To do> The data below contains pictures, which are to be skipped; the lines starting at the line with "首先,在北亨小学多媒体教室开" and ending at the line with "Simona von Eyb, director" are to be output exactly, both ends included.

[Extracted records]
————

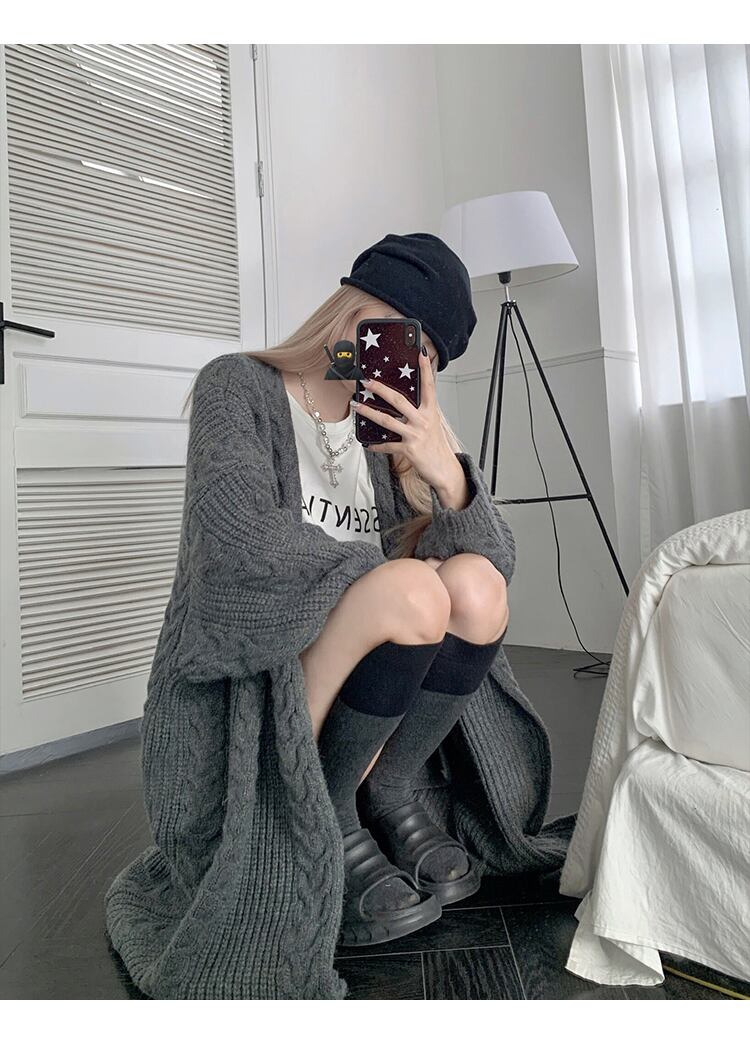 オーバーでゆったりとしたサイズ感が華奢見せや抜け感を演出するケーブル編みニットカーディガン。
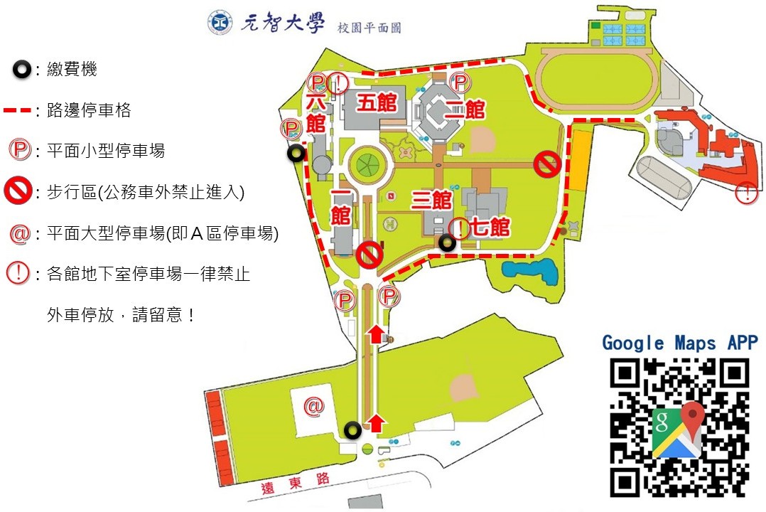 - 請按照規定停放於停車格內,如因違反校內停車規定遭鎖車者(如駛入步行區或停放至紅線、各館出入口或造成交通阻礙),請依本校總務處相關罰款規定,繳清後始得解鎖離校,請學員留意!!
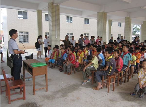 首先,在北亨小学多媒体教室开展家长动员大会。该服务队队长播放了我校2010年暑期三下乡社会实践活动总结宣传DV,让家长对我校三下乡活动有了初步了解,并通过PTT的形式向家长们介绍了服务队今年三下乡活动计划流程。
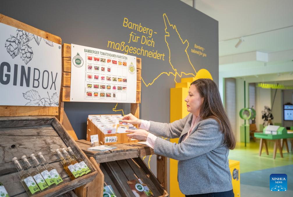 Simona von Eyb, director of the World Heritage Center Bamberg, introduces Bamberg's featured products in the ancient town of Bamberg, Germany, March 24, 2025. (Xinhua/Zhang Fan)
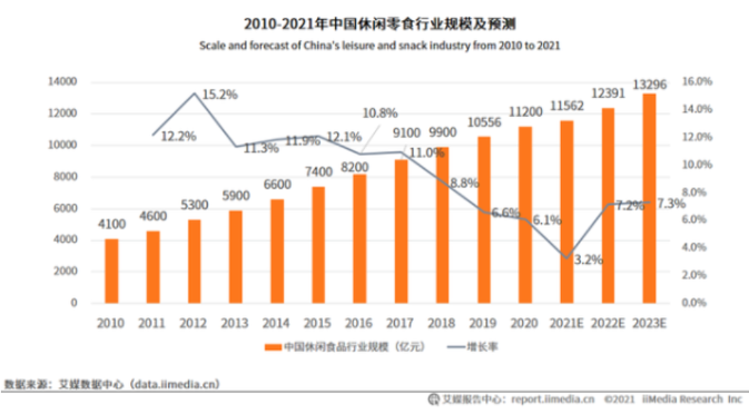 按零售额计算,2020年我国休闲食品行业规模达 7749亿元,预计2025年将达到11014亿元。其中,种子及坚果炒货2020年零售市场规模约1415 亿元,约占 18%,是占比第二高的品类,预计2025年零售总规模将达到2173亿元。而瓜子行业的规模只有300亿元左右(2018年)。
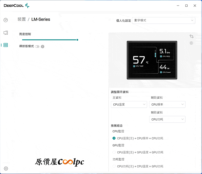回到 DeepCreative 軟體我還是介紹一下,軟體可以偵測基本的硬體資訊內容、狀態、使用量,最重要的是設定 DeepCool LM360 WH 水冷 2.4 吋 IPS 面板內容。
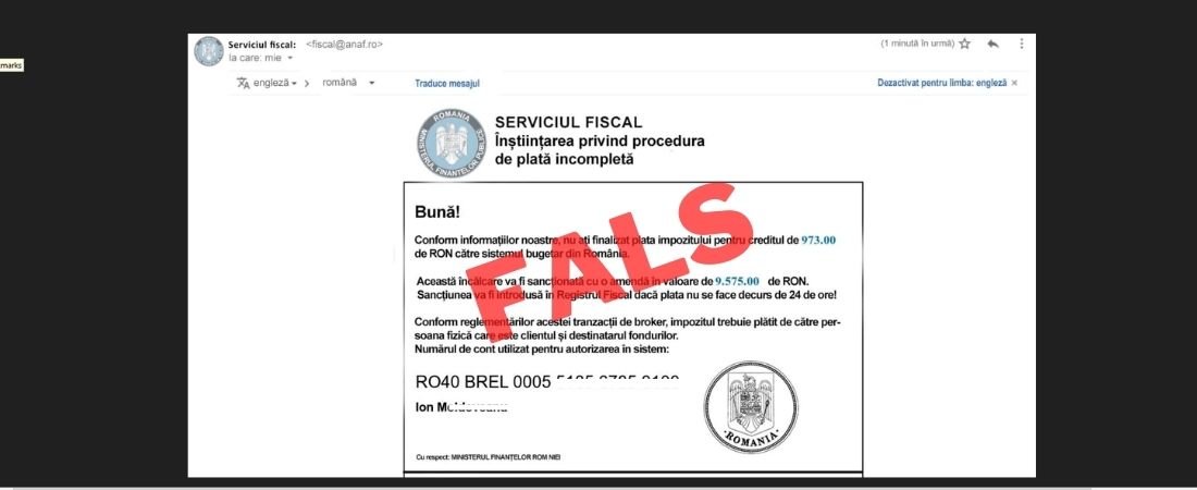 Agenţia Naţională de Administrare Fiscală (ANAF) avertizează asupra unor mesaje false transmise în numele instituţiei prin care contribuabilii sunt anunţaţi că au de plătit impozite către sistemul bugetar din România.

————

Answer space>
 首先,在北亨小学多媒体教室开展家长动员大会。该服务队队长播放了我校2010年暑期三下乡社会实践活动总结宣传DV,让家长对我校三下乡活动有了初步了解,并通过PTT的形式向家长们介绍了服务队今年三下乡活动计划流程。
 Simona von Eyb, director of the World Heritage Center Bamberg, introduces Bamberg's featured products in the ancient town of Bamberg, Germany, March 24, 2025. (Xinhua/Zhang Fan)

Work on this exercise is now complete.